Neden geldim İstanbul’a?

Ali Argun KARACABEY
Ali Argun KARACABEY VERİDEN BİLGİYE argunkaracabey@arel.edu.tr

Bir yazı için gazetede ayrılan yer bir açıdan kamusal bir alandır. Okuyucuları ilgilendiren konuların yer alması beklenir bu alanda. Bugün bu konuda bir değişiklik yaparak, tamamen kendime ait bir olaydan bahsetmek istiyorum. Çok kısa bir süre önce, kamu üniversitesindeki görevimden ayrılarak, bir vakıf üniversitesinde göreve başladım. Çevremdeki birçok kişi bazı özlük haklarımdan, bazıları üniversiter anlayışın vakıf üniversitelerindeki yansımalarını beğenmediğinden dolayı aldığım kararın yanlış olduğunu dillendirdi. Verdiğim karardan da anlayabileceğiniz gibi ben bu düşünceleri paylaşmıyorum. Bu kararı alırken değerlendirdiğim çok farklı kriterler olmakla birlikte, bir tanesinden burada bahsedeceğim. 

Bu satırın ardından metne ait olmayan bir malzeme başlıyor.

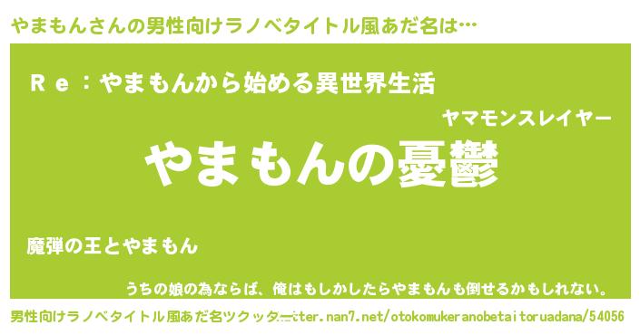 | 女子向けラノベタイトル風あだ名 | 『(仮)やまもんのやんごとなき事情』 |
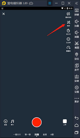 3、开启美颜:切换至前置摄像头后,点击右上角美颜按钮即可启动美颜功能。
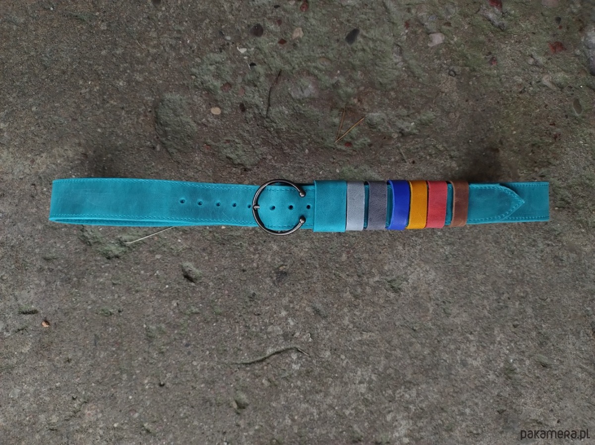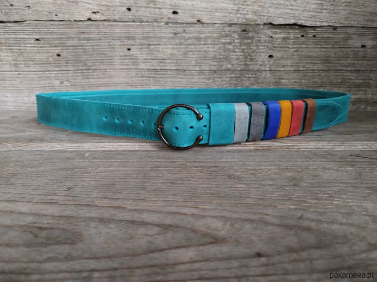 Pasek wykonany ręcznie z naturalnej, impregnowanej skóry w kolorze turkusowym. Ozdobiony kolorowymi szkufkami które można ściągnąć. Długość paska regulowana -120 cm
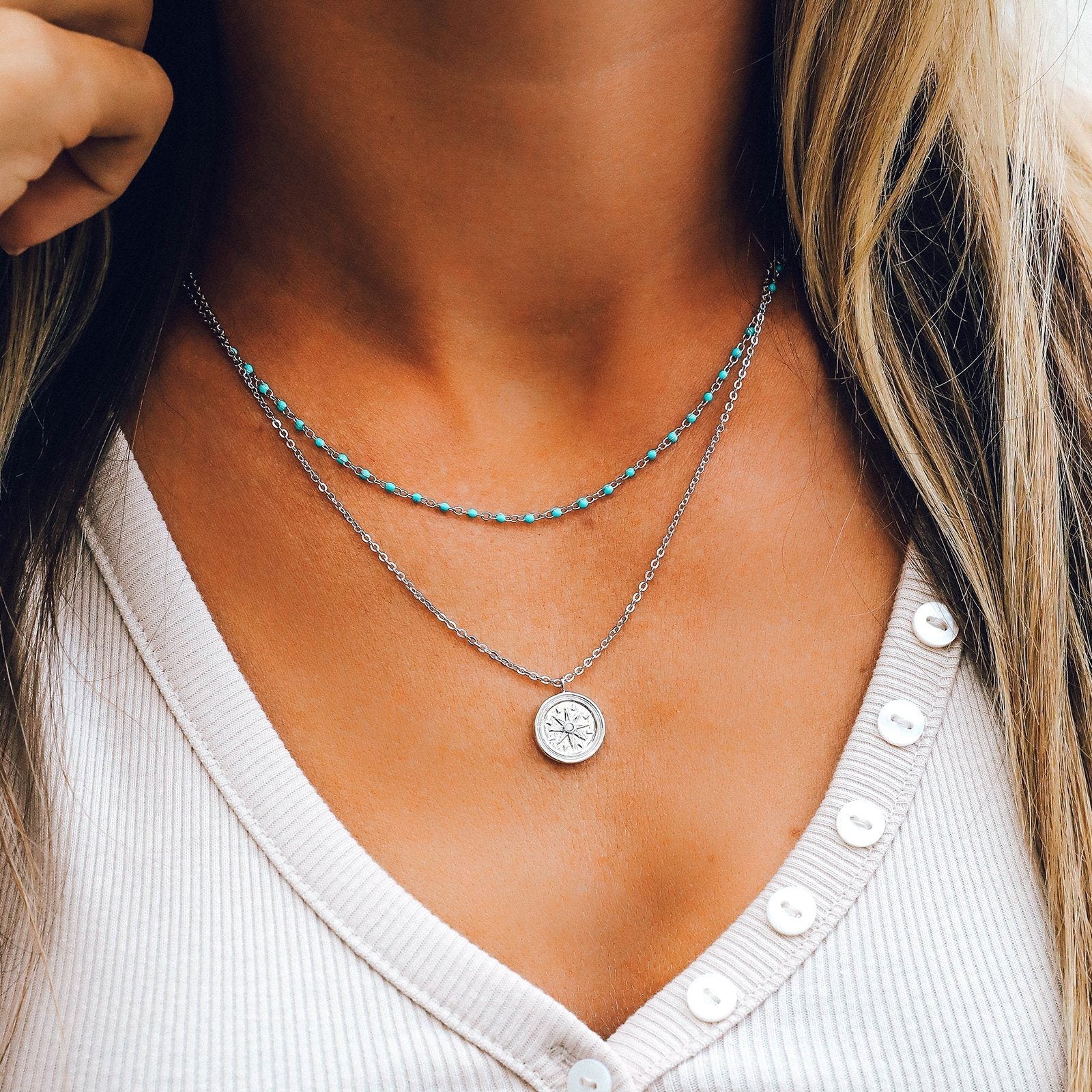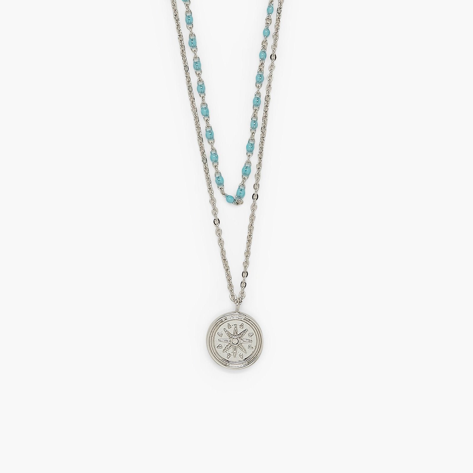 Follow your own path with our Disney Pocahontas Compass Coin Layered Necklace! An enamel bead chain hangs just above a compass coin pendant detailed with an authentic coin-like texture and a bitty opal stone inspired by one of our fave Disney Princesses!

Ülkemizde yükseköğrenimin ciddi bir dönüşüm içinde olduğunu, bu dönüşümün sonucunda daha dinamik ve esnek bir yapıya sahip olan vakıf üniversitelerinin ön plana çıkacağını; bu nedenlerle orta vadede eğitim sektörünün gidişatını belirleyecek olan kurumların vakıf üniversiteleri olacağına inanıyorum. Neden böyle düşündüğümü kısaca sizlere de aktarmak isterim. 

Yaklaşık 8 yıl önce iyi ebeveynler olarak kızımızın eğitim hayatının başlangıç noktasını belirleyebilmek adına farklı okulları inceleme altına almıştık. Çevremizdeki birçok benzerimiz gibi bizde bulunduğumuz şehirde iyi diye bilinen okulları inceliyor, bazılarını ziyaret ediyor ve öğretmenlerle görüşmeye çalışıyorduk. Ziyaret ettiğimiz, değerlendirdiğimiz okulların neredeyse hepsinin özel okul olduğunu söyleyebilirim. Özel okulları değerlendirmeye almış olmamızın gerekçesi, özel okul hayranlığı değil kızımız için en iyi ve uygun eğitimi bu okullardan alabileceğimize inanmış olmamızdı. O dönemde olduğu gibi, şimdi de uygun olanaklara sahip anne babaların ilk etapta özel okullarla ilgilendiğini görebiliyorum. Bu eğilimin gün geçtikçe daha da güçlendiğini söylemek de mümkün. Eğilimin güçlenmesi dediğim zaman iki farklı boyuttan bahsedebiliriz. Bunlardan birincisi ilk ve orta öğretim öğrencileri arasında özel okullara ilgi gösterenlerin oranının artması, ikincisi ise bu ilginin yüksek öğretime kadar uzanması. Benzetmek doğru olur mu bilmiyorum ama hem yatay hem de dikey açıdan bir yoğunlaşma var. 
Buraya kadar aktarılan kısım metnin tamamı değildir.